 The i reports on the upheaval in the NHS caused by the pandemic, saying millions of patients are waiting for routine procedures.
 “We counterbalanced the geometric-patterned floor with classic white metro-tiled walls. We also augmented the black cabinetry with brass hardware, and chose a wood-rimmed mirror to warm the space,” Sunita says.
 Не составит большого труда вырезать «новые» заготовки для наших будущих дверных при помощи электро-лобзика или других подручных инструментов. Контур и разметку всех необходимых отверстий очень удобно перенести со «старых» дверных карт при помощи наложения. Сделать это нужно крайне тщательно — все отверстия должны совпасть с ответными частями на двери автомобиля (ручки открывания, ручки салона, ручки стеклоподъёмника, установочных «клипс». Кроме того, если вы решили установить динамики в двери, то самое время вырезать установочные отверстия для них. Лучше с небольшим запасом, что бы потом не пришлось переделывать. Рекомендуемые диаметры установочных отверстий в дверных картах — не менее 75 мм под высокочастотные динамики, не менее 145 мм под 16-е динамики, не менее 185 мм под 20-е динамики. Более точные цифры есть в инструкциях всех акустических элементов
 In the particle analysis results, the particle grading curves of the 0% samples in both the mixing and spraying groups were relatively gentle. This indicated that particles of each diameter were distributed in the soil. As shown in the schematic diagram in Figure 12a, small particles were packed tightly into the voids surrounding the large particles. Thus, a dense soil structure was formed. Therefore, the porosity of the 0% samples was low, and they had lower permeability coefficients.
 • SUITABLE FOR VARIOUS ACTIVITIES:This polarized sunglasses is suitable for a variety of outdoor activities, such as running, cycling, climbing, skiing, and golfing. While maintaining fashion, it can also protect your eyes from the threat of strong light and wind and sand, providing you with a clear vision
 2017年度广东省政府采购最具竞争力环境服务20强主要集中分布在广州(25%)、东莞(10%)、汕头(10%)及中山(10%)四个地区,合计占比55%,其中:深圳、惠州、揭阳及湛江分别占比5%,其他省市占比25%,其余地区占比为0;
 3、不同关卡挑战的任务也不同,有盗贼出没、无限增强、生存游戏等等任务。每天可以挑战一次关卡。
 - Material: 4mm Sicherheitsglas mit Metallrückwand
::::::::
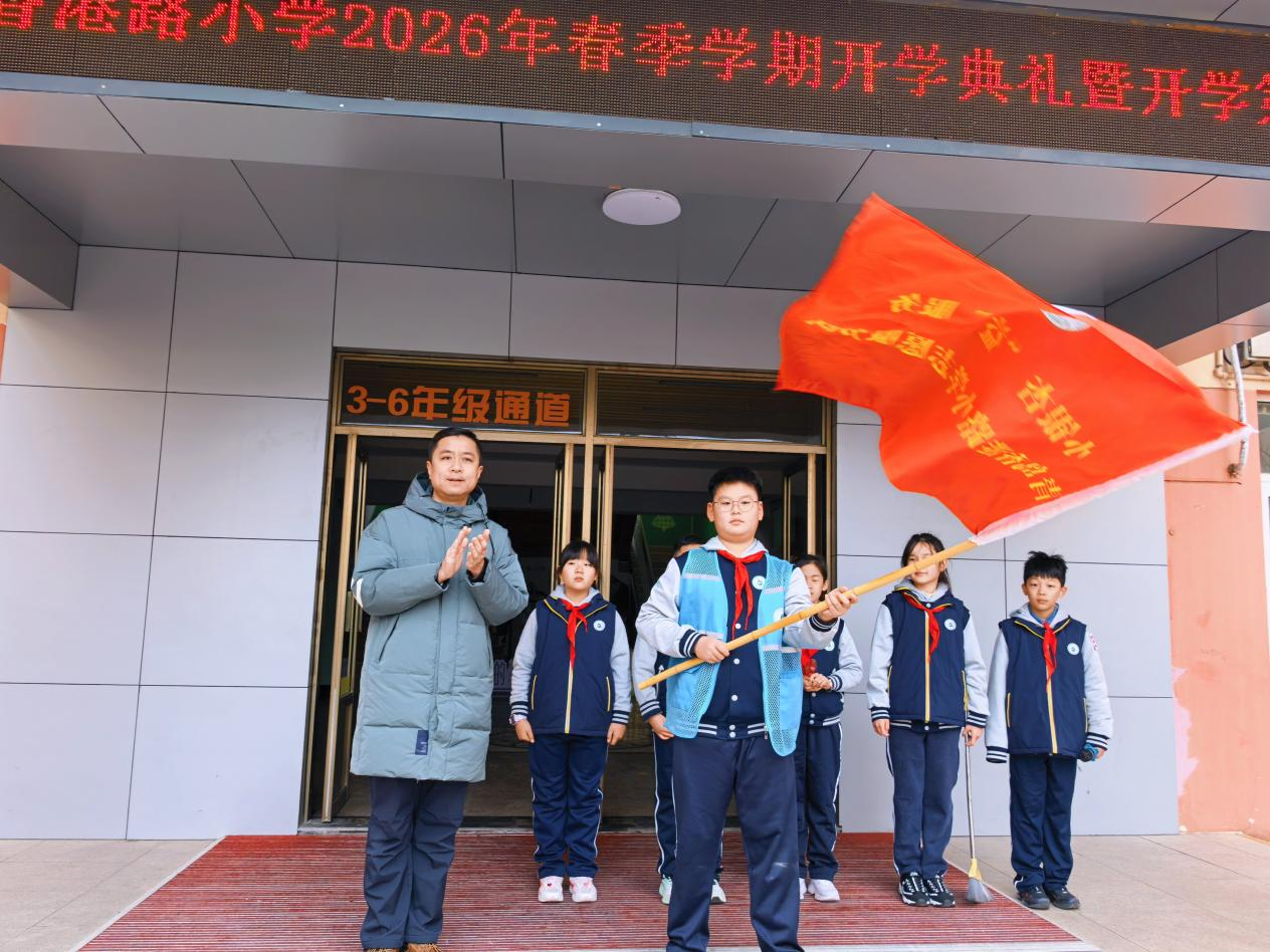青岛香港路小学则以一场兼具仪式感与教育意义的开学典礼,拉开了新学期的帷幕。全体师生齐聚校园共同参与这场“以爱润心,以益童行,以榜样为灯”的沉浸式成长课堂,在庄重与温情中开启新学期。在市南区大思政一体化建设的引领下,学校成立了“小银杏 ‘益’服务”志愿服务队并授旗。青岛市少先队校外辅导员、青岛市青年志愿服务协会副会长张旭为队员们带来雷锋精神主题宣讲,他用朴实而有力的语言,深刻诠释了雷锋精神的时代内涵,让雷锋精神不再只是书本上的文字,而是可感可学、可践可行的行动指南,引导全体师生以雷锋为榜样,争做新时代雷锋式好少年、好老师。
::::::::
To do:
Please give an exact copy of the entries above, from the line with "a clear vision" down to the line with "- Material: 4mm", inclusive, and nothing else.

Finished exercise:
 • SUITABLE FOR VARIOUS ACTIVITIES:This polarized sunglasses is suitable for a variety of outdoor activities, such as running, cycling, climbing, skiing, and golfing. While maintaining fashion, it can also protect your eyes from the threat of strong light and wind and sand, providing you with a clear vision
 2017年度广东省政府采购最具竞争力环境服务20强主要集中分布在广州(25%)、东莞(10%)、汕头(10%)及中山(10%)四个地区,合计占比55%,其中:深圳、惠州、揭阳及湛江分别占比5%,其他省市占比25%,其余地区占比为0;
 3、不同关卡挑战的任务也不同,有盗贼出没、无限增强、生存游戏等等任务。每天可以挑战一次关卡。
 - Material: 4mm Sicherheitsglas mit Metallrückwand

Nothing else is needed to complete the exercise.